TERR-ORGA : La transition agri-alimentaire à la croisée des territoires et des organisations

Publié le 23 janvier 2026 Mis à jour le 26 janvier 2026

Le laboratoire LISST est porteur de ce projet associant la géographie aux sciences de gestion

Les différentes crises actuelles imposent de réfléchir à des modalités nouvelles et alternatives de faire société et de répondre aux enjeux économiques, sociaux, environnementaux et politiques contemporains. Or le secteur agricole se situe tout particulièrement à la croisée de ces enjeux, du fait de son caractère multifonctionnel (sécurité sanitaire et alimentaire, accessibilité et durabilité des ressources alimentaires, qualité des produits, protection des ressources et de l’environnement, gestion et partage des espaces ruraux...).

TERR-ORGA vise à mieux comprendre certaines de ses dynamiques collectives et territoriales récentes. 
Un projet, 4 partenaires, 2 thèses
Depuis novembre 2023 et jusqu'à mars 2027, grâce aux 295 000 € de crédits FEDER mobilisés via la Région Occitanie, le projet TERR-ORGA associe 4 enseignants-chercheurs relevant de 4 établissements - Michaël Pouzenc (Université Toulouse - Jean Jaurès, laboratoire LISST), Julien Frayssignes (Ecole d’Ingénieurs de Purpan, laboratoire LISST), Pascale Château-Terrisse (INP AgroToulouse, laboratoire AGIR) et Charlène Arnaud (Université de Toulouse – IUT de Castres, LGTO), pour le co-encadrement de deux thèses de doctorat. 
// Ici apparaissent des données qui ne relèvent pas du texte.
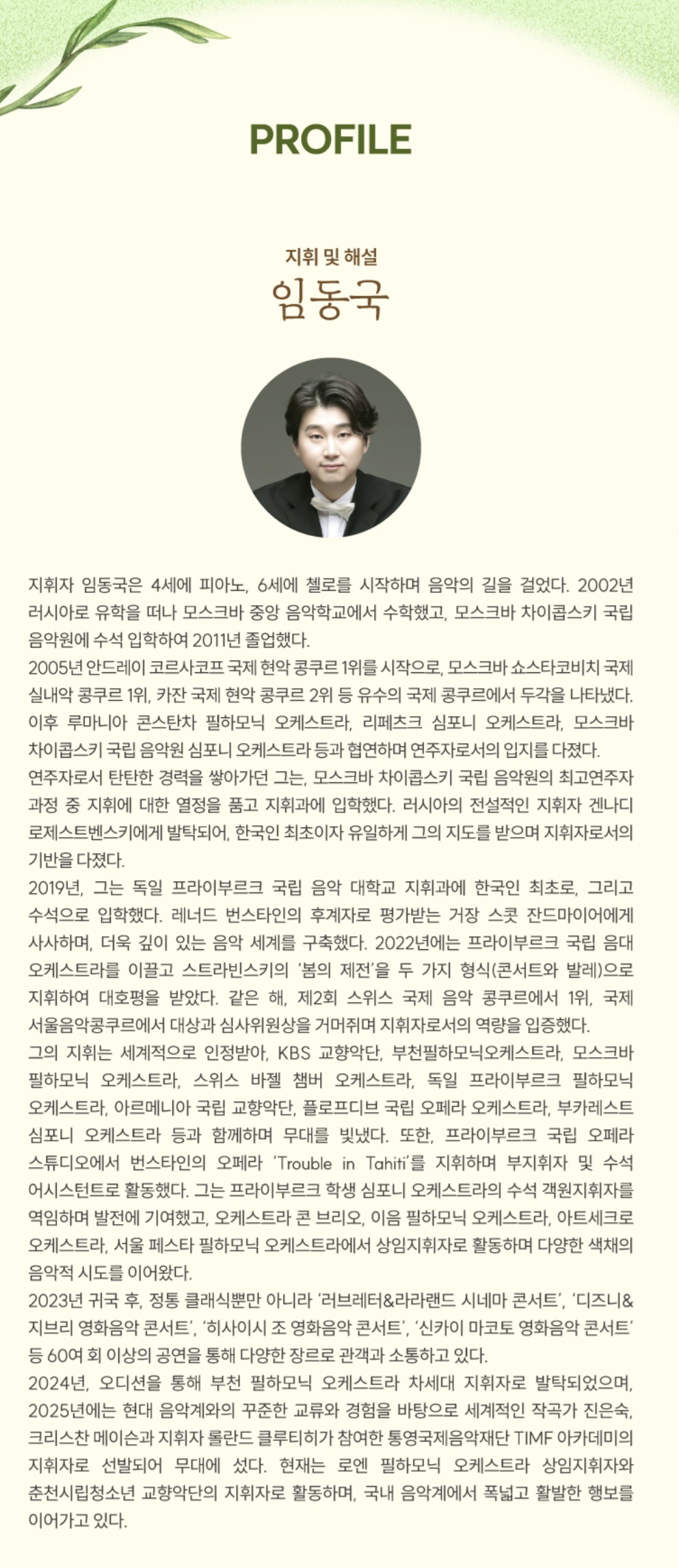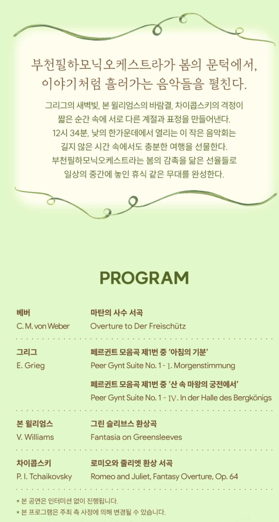 그리그의 새벽빛, 본 윌리엄스의 바람결, 차이콥스키의 격정이 짧은 순간 속에 서로 다른 계절과 표정을 만들어낸다. 12시 34분, 낮의 한가운데에서 열리는 이 작은 음악회는 길지 않은 시간 속에서도 충분한 여행을 선물한다. 부천필하모닉오케스트라는 봄의 감촉을 닮은 선율들로 일상의 중간에 놓인 휴식 같은 무대를 완성한다.

La thèse de Séléna Seynhaeve, en géographie, traite de territoires agri-alimentaires en transition, en analysant précisément trois trajectoires de développement rural en région Occitanie. Elle vise à questionner les transitions agri-alimentaires en tant que causes ou opportunités de réorientation des trajectoires de territoires fortement agricoles, certains ayant largement adossé leur développement à celui de produits alimentaires d’« excellence », d’autres se saisissant plus récemment de dynamiques de transition alimentaire davantage fondées sur des produits du quotidien et un « retour au local ». 

La thèse de Manon Rodhain quant à elle, dans le domaine des sciences de gestion, porte sur les pratiques autogestionnaires et leurs effets sur la gouvernance et le travail dans les SCIC du secteur agri-alimentaire. Elle vise à analyser les modalités de transformation des pratiques de gouvernance et de gestion des SCIC du secteur agri-alimentaire ainsi que les conditions et mécanismes permettant une transition multidimensionnelle du secteur à partir de ces acteurs coopératifs potentiellement disruptifs. 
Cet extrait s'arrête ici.